#ubuntu-locoteams 2011-06-13
<YoBoY> good morning
<head_victim> I'm still getting people asking questions about https://wiki.ubuntu.com/LoCoTeamList despite the message stating it's no longer maintained. Would it be worth editing that page to remove the team tables and just have the contact information at the top with then a link to loco.u.c for the teams listing?
<AlanBell> hi all
<AlanBell> if people would like to help test/break a staging server with a new version of the wiki software that would be great
<AlanBell> http://wiki-test.ubuntu.com
<AlanBell> particularly interested in non-latin character sets and any oddness in dark corners of the wiki
<AlanBell> any problems ping bradm in #canonical-sysadmin
<nhandler> The new edition of the Ubuntu Weekly Newsletter is now available here: https://wiki.ubuntu.com/UbuntuWeeklyNewsletter/Issue220
#ubuntu-locoteams 2011-06-14
<locodir-user> hi cjohnston 
<YoBoY> good morning
<dholbach> good morning
<BigWhale> urgh
<BigWhale> :>
<sohail16354> hello can any one help me?
<czajkowski> sohail16354: whats up ?
<sohail16354> man i am annoyed with microsoft windows planning to get ubuntu but someone told me that CANON LBP-2900 my printer will not work on ubuntu?
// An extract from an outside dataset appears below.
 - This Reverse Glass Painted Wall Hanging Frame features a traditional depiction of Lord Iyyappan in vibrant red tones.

<sohail16354> what i can do?
<sohail16354> ????
<sohail16354> tell me all are sleeping kia?
<cjohnston> sohail16354: might want to try #ubuntu
<mhall119> sohail16354: ask in #ubuntu, all the support people are in there
<nhandler> I must say, I am rather pleased with using wordpress for a site, blog, and planet for the Chicago team. Hopefully, it will be ready to take live soon.
<pleia2> nhandler: how did you use it as a planet? is there a plugin?
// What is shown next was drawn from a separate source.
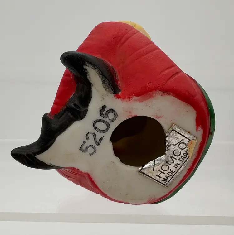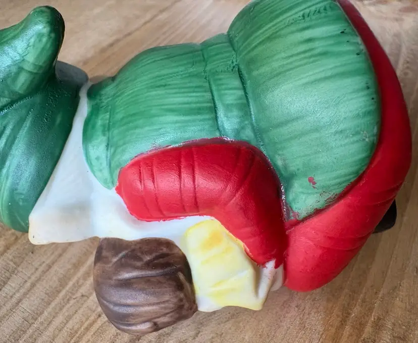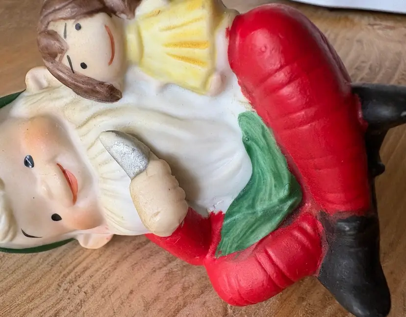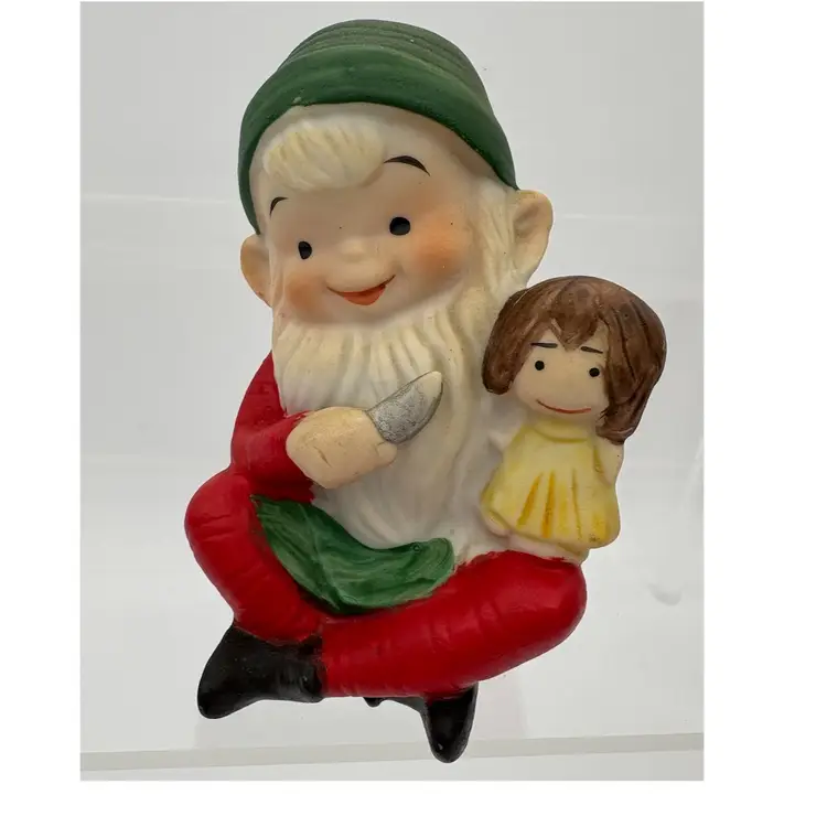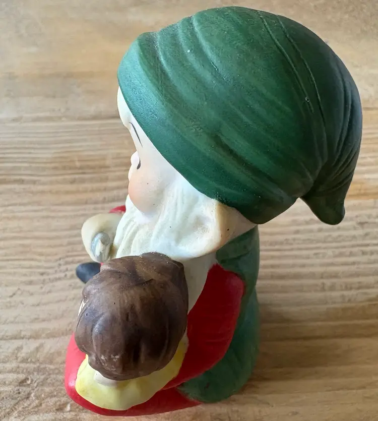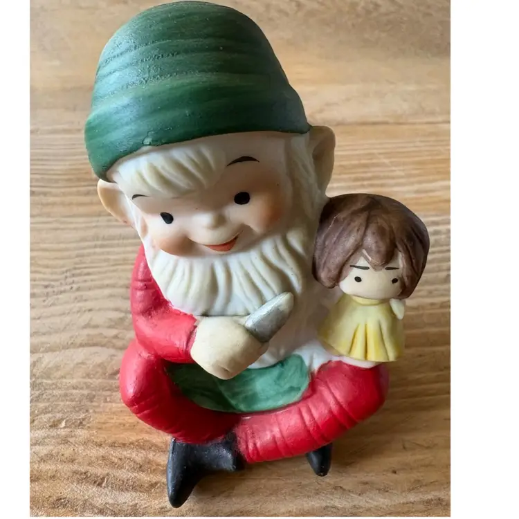 3 1/2”H x 2 1/4”W This is the bigger version of the two sizes that I’ve seen. No chips, cracks, or crazing. The red paint is a little sloppy. A little flaw in the green paint just above the elf’s bangs. Please review images.

<nhandler> pleia2: There is a syndicator plugin that lets you specify a list of feeds. They are then stored as regular wordpress posts.
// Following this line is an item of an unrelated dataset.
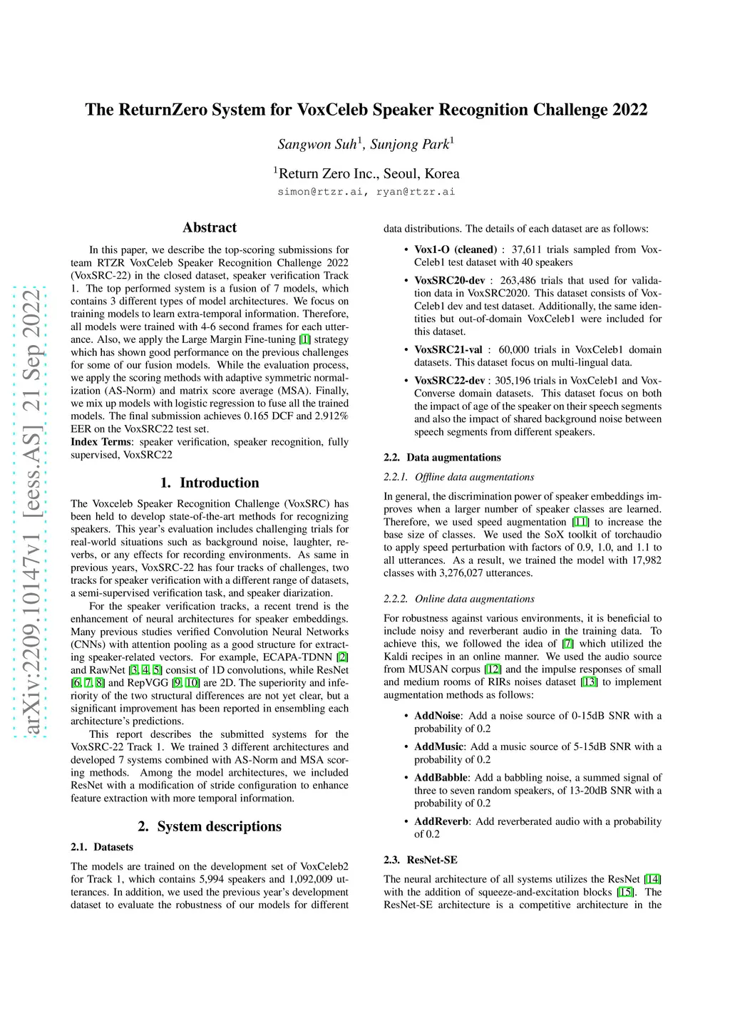The ReturnZero System for VoxCeleb Speaker Recognition Challenge 2022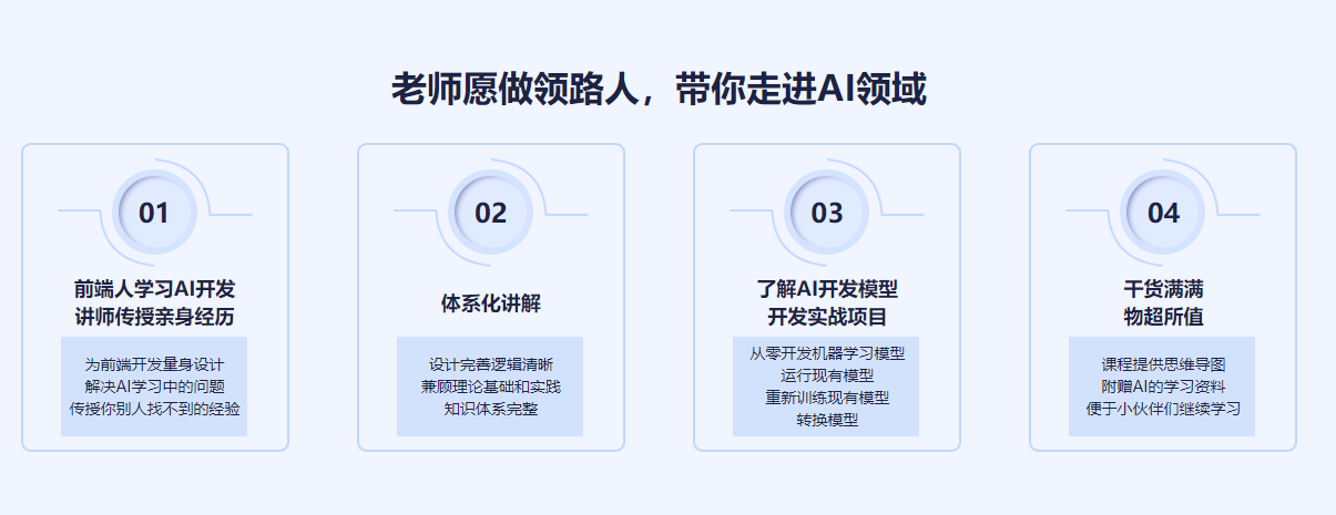 专为前端工程师准备的AI课程来了!!人工智能时代已经来临,而前端同学对于AI领域大都处于陌生状态,想学习又找不到靠谱的老师,也没有面向前端的人工智能学习资料。本课程以 JavaScript 作为实现语言,以Tensorflow.js作为主要框架,通过十几个经典案例、覆盖神经网络和机器学习的理论知识、带你亲手完成图片分类与语音识别等落地项目,帮你理清整个学习体系,轻松入门AI领域,不惧未来挑战。

#ubuntu-locoteams 2011-06-15
<dholbach> good morning
<YoBoY> good morning
<dholbach> salut YoBoY
<YoBoY> bonjour dholbach 
<YoBoY> comment ça va ?
<dholbach> ça va bien mon ami - et toi? qu'est-ce qui se passe à Paris?
<YoBoY> bien aussi. Il se passe pas grand chose en ce moment, il pleut. mais c'est bientôt la fête de la musique (la semaine prochaine)
<dholbach> hmmm, oui, c'est la fête de la musique à Berlin aussi - j'aime ca beaucoup :)
#ubuntu-locoteams 2011-06-16
<dholbach> good morning
<mhall119> morning
#ubuntu-locoteams 2011-06-17
<dholbach> good morning
<WeeirdSQLHosting> Hello
<cjohnston> hello
<WeeirdSQLHosting> are you from ubu?
<cjohnston> I am part of the commiunity..
<cjohnston> I muist go thoug
<WeeirdSQLHosting> ;p
<WeeirdSQLHosting> for the one who can give me the answer, why doesnt ubuntu server supports raid5? we get errors all the time so we have to use centos 
<WeeirdSQLHosting> also an unix distro
<cjohnston> dholbach: hey!
<dholbach> hey
#ubuntu-locoteams 2011-06-18
<mhall119> woot! lots of long-awaited feature fixes coming in the next version of the LoCo Teams Directory
<head_victim> Someone needs to edit the body of http://loco.ubuntu.com/events/global/1011/detail/ the "Details" has the correct information but the text body still refers to March 2010. I'd do it myself but can't see it so assume it's locked to council members or similar.
<czajkowski> done 
<head_victim> Cheers 
<czajkowski> np
#ubuntu-locoteams 2011-06-19
<dscassel> Question: does Canonical own the ubuntu.ccTLD domains, or is that the LoCo team's responsibility.
<czajkowski> dscassel: what do you mean the ubuntu -iso.org domains ?
<paultag> dscassel: I don't think those are handled by Canonical, but they do have ubuntu-CC.org (where CC is the ISO CC TLD)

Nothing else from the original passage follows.